How Energy Efficient Are New Windows?

Energy costs have surged to unprecedented rates in the UK recently. This has had a huge impact on homeowners and energy bills are therefore a very hot topic. The October price caps have been released and although this has reduced the cost of energy per unit, it is still exponentially higher than it was at the start of 2022. The energy cost crisis has forced millions of UK homeowners to question how they can make their homes more energy efficient. The most popular question we are now being asked by our customers is ‘How Energy Efficient Are New Windows?’

Rising gas and electricity prices

Sources suggest that you could be losing as much as 30% of the heat from your home through your windows. The exact amount of heat loss depends on many factors such as the specification and age of your windows, property type etc. A high rate of heat loss, coupled with increased energy costs has rapidly increased the demand for new energy efficient windows. It used to be that the average household would save enough money on their energy bills to pay for their new windows after 19 years. Experts now estimate that this will be slashed to only 9 years due to the recent cost increases.

With this in mind, it’s no wonder that energy performance is one of the most important factors when deciding if your home should benefit from new windows. It is important for homeowners to be aware that not all windows and doors perform the same. Many windows and doors may look the same, but the performance can differ largely depending on multiple factors.

Window efficiency rating

What Can Affect The Energy Performance Of New Windows & Doors?


Glass covers the largest surface area of almost all windows and doors that are installed. For this reason, it has a massive impact on the overall energy efficiency. As standard, MPS do not install any new window or door with a glazing energy rating any lower than ‘A’. This is achieved by using the latest innovations within the glazing industry for both our double and triple glazed units. The use of argon gas, warm edge spacer bars and low emissivity glazing have had a great impact on the energy performance of modern sealed units.


Glass is not the only important factor when it comes to energy efficiency. The material, construction and depth of the frames also has a huge impact on the performance. Naturally, uPVC is a better insulating material when compared with aluminium, so our uPVC frames are highly efficient. Aluminium conducts more heat, so we use a thermal break to help keep the cold outside, and the warm inside. Window frames differ internally, and a high thermal efficiency is achieved by using a multi chambered profile to ensure that less heat escapes from your home. Also, a deeper frame from front to back will allow more chambers and further increase thermal performance. All profiles of windows and doors will have a different energy rating, even if they look the same.
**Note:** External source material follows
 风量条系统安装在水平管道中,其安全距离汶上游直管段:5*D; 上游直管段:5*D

Fortunately, our experts are on hand to help explain the differences and help you understand what product best suits your needs.


A windows efficiency is only relevant if it is surveyed and installed to a high standard. If a window is manufactured too small and made to fit the aperture, this will lead to poor insulating properties and the window may seem draughty. Equally, if a window has not been finished and sealed to the correct standard then this will have an adverse effect on the performance. We have seen many high quality items installed poorly which has led to unwanted draughts and even water ingress. At MPS, we understand the importance of survey, installation and aftercare. We always ensure that the required time, effort and planning are taken. This ensures you not only have a market leading product, but market leading installation and aftercare too.
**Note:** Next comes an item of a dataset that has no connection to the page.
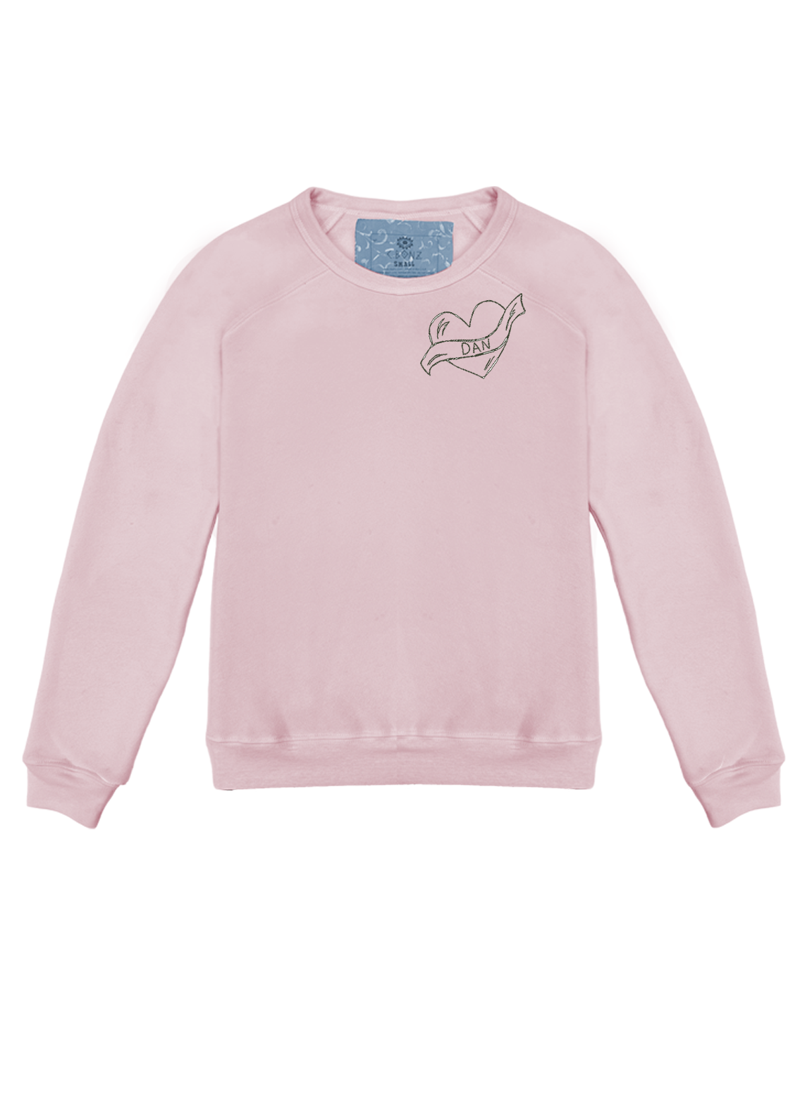 CUSTOMIZE ME!! My classic kids crewneck pullover with front side-slit pockets made from my special Ridiculously Cozy fabric in your choice of cream, sunset pink, charcoal or tie dye pink. Featuring my exclusive lovers heart design embroidered on the left chest. Add the name of your choice! Max letters 11. Made on demand in Malibu, California

Double Glazing or Triple Glazing?

Modern double or triple glazed units both offer significant improvements over single glazing or even older double glazed units. 

The differences between double and triple glazing are simple. Double glazed units consist of 2 panes of glass which are separated by gas. Triple glazing simply adds an additional pane of glass to the unit. The additional pane of glass, coupled with a larger cavity provides more insulation, therefore less heat can escape your home. Triple glazing however, does come at a higher financial cost.

Whilst the additional pane of glass aids heat loss, it also lowers the amount of the sun’s energy that can pass through the window. This leads to a trade-off between heat lost through the window, versus heat that can be gained from the sun. With this in mind, the best solution is not always as easy as ‘should I choose double or triple glazing’. Sometimes a more tailored approach is required. Choosing high specification double glazing units for south facing or warmer parts of the home could be your best option. For north facing or colder rooms triple glazing may be more appropriate when the main goal is energy efficiency.

Advantages of Triple Glazing

  • Greater for heat efficiency
  • Enhanced noise reduction
  • Minimises areas of hot & cold in the home
  • Better for minimising condensation
  • Makes the window more secure
  • Initial outlay more expensive but more effective longer term

Advantages of Double Glazing

  • Lower purchase cost
  • Higher solar gain
  • Lighter windows mean less strain on the hinges & corner joints
  • Triple glazing without a toughened centre pane can have issues with cracking due to temperature differences, toughened glass is preferable but more expensive

How Much Do Energy Efficient Windows Cost?

Providing an answer to this question is very tricky as there are many factors that can affect the price. The size of your home, number of windows, size of the windows, material and specification all affect the overall cost.